Our goal is to create a model that can classify different bears so we can detect them in some camping site and figure out ways to keep them away. Interesting types of bears:

Grizzly
Polar
Sloth
Panda
Tedd

Lever and Data

Well let’s say we can collect pictures of bears. We could use videos as well but for now let’s stick to something simpler and say we can get pictures of different types of bears. So, we can collect different images of some types of bears in different environments and build our model.

Models

We will be using some pretrained Computer Vision model.

Implementing the ideas

We will use some very similar tools as the previous blog post on Lesson and Chapter 1. Let’s import the libraries first.

from duckduckgo_search import ddg_images
from fastai.vision.all import *
from fastai.vision.widgets import *
from fastcore.all import *

I will explain as we go where we will be using each of these.

Collecting bear images from online

Let’s first download the images using ddg_images function from duckduckgo_search module and save them on our local storage.

def search_images(term: str, max_images: int = 30):
    print(f"Searching for {term}")
    images_json = ddg_images(term, max_images)
    return L(images_json).itemgot('image')


search_terms = 'grizzly', 'polar', 'sloth', 'panda', 'teddy'
path = Path("bears")

for term in search_terms:
    dest = path/term
    dest.mkdir(exist_ok=True, parents=True)
    download_images(dest, urls=search_images(f"{term} bear"))
    # resize the images as it takes a while to open large images
    resize_images(path=dest, max_size=400, dest=dest)

Deleting any corrupted images

When downloading files from the internet sometimes we can get corrupted files.
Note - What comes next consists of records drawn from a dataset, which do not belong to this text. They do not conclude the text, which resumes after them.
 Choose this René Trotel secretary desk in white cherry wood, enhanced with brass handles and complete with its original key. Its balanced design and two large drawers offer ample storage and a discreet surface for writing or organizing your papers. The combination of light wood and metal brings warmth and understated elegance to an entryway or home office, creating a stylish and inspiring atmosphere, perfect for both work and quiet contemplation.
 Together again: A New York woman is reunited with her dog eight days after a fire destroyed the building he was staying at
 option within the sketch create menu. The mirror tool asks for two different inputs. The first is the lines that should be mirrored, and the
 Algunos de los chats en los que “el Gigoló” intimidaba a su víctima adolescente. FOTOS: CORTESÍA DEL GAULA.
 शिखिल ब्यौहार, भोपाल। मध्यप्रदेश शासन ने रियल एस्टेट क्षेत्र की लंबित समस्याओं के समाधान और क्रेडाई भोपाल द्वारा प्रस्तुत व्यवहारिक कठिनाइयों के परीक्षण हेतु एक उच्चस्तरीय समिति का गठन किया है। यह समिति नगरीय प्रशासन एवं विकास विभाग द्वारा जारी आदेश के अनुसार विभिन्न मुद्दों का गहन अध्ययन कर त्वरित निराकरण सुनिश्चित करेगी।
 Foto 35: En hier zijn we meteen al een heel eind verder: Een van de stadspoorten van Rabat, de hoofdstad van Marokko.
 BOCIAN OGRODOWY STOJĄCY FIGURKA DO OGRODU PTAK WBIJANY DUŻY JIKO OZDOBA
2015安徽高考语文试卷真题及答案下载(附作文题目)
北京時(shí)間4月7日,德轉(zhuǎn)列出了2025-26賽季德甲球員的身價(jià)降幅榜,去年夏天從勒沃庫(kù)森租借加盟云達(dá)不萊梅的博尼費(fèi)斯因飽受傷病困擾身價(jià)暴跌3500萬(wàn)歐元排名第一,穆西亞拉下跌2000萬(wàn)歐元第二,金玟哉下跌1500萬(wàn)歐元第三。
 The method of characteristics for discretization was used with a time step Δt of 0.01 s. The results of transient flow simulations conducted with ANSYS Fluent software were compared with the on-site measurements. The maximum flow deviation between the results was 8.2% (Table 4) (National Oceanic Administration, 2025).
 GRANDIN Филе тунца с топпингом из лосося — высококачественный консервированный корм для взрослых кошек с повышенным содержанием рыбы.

We should remove them before we move on.

image_files = get_image_files(path)
failed = verify_images(image_files)
failed.map(Path.unlink)

This block of code gets the names of the image files, tries to open them and returns the ones that failed to open. Then we map the Path.unlink function over all the list of failed images so they are removed from our storage.

Building Datablock and Dataloaders

Let’s build a way to feed data into our model. This is the step of going from data -> dataloaders.

Create a Datablock

The Datablock class creates a template for our Dataloaders. We have already seen a Datablock in action in the previous post.

dblock = Datablock(
    blocks = (ImageBlock, CategoryBlock),
    get_items = get_image_files,
    get_y = parent_label,
    splitter = RandomSplitter(valid_pct=0.2),
    item_tfms = RandomResizedCrop(224, min_scale=0.5)
)

This has been explained at the end of the lesson 1 blog post: https://usiam.quarto.pub/fastai-lesson-blogs/posts/lesson_1/. Take a look at what each of the parameters are and what they represent!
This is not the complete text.